## Exercise aim:
Only the lines of the listing below that run from the line with "圖為10月16日,甘肅省敦煌" through the line with "酸奶总共分为两大类:原味和风" are to be set down, word for word. Pictures stay out.

## Extracted records:
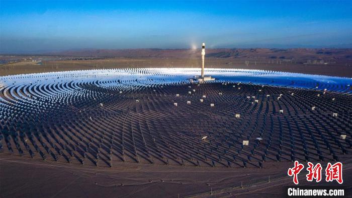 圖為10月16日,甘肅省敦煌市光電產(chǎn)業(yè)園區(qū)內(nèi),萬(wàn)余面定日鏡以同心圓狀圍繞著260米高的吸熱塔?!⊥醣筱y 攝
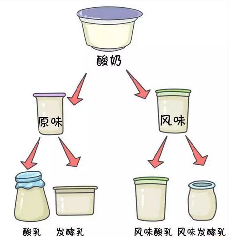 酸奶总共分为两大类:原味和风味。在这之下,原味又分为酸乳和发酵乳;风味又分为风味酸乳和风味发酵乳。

--

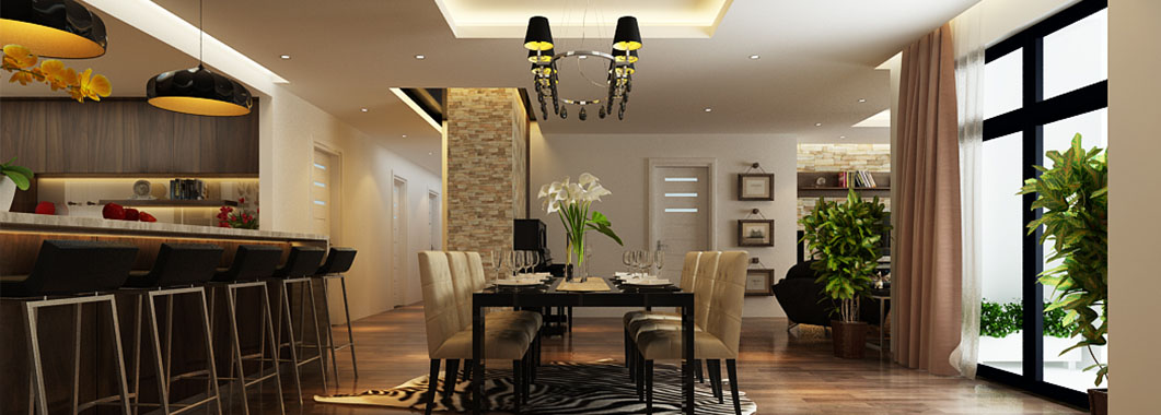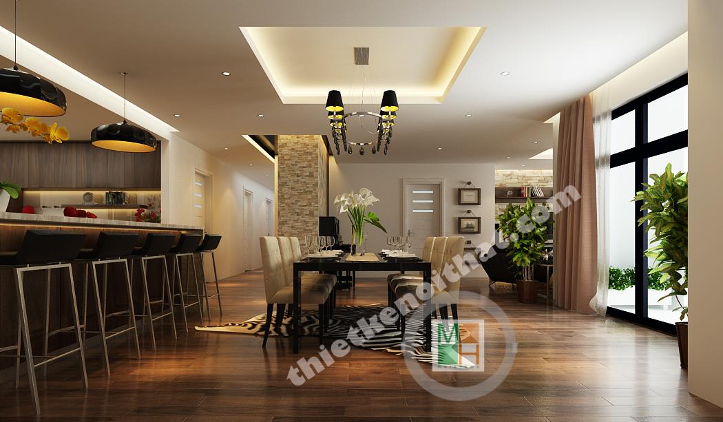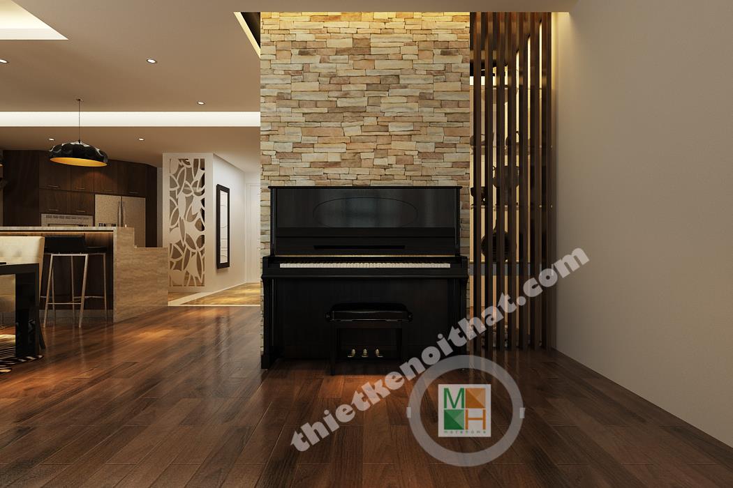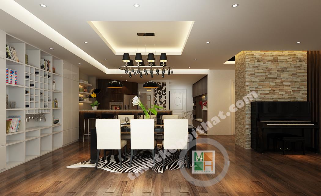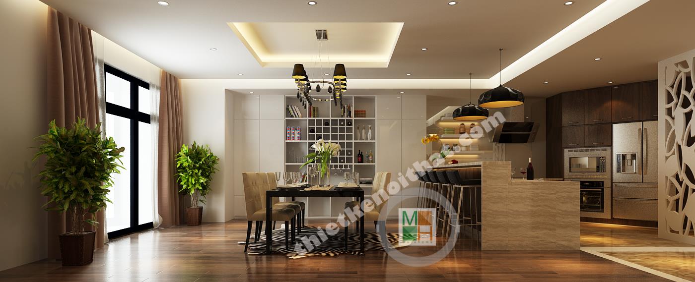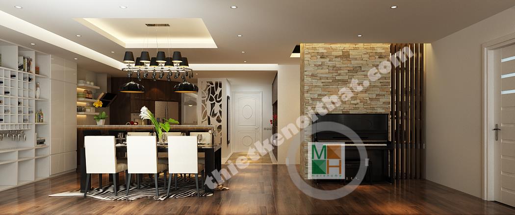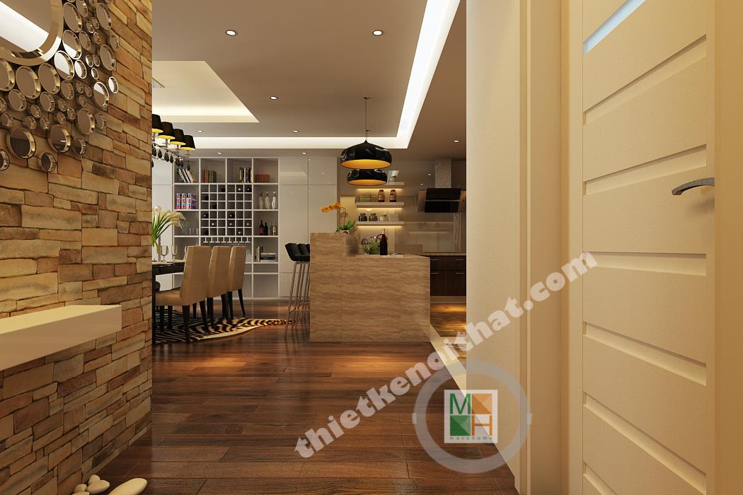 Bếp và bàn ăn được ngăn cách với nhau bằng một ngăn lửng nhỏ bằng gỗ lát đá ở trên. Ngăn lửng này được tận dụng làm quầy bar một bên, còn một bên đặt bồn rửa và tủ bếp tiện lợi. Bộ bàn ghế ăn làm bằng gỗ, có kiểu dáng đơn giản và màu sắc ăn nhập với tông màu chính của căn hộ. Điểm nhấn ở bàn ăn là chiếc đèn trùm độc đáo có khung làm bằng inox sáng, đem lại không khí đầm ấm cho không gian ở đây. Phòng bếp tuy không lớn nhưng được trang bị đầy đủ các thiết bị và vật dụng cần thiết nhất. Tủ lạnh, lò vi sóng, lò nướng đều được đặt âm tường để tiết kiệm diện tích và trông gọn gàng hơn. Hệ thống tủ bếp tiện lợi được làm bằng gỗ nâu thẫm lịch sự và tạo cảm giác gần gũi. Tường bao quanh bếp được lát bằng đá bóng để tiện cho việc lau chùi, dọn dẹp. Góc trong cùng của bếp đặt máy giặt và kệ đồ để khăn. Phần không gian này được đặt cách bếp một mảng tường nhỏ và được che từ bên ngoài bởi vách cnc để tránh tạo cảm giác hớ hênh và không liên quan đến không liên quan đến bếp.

==

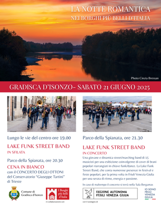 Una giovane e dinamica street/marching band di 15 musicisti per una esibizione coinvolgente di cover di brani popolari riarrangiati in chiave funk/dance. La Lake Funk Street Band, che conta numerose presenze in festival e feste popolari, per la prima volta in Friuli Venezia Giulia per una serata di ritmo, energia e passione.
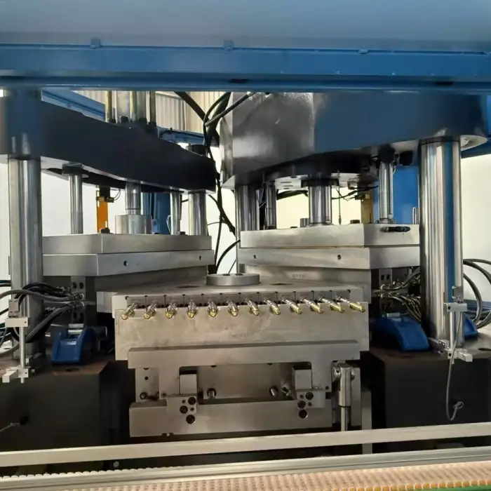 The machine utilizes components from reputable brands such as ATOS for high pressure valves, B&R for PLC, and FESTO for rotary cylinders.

## Answer box:
 圖為10月16日,甘肅省敦煌市光電產(chǎn)業(yè)園區(qū)內(nèi),萬(wàn)余面定日鏡以同心圓狀圍繞著260米高的吸熱塔?!⊥醣筱y 攝
 酸奶总共分为两大类:原味和风味。在这之下,原味又分为酸乳和发酵乳;风味又分为风味酸乳和风味发酵乳。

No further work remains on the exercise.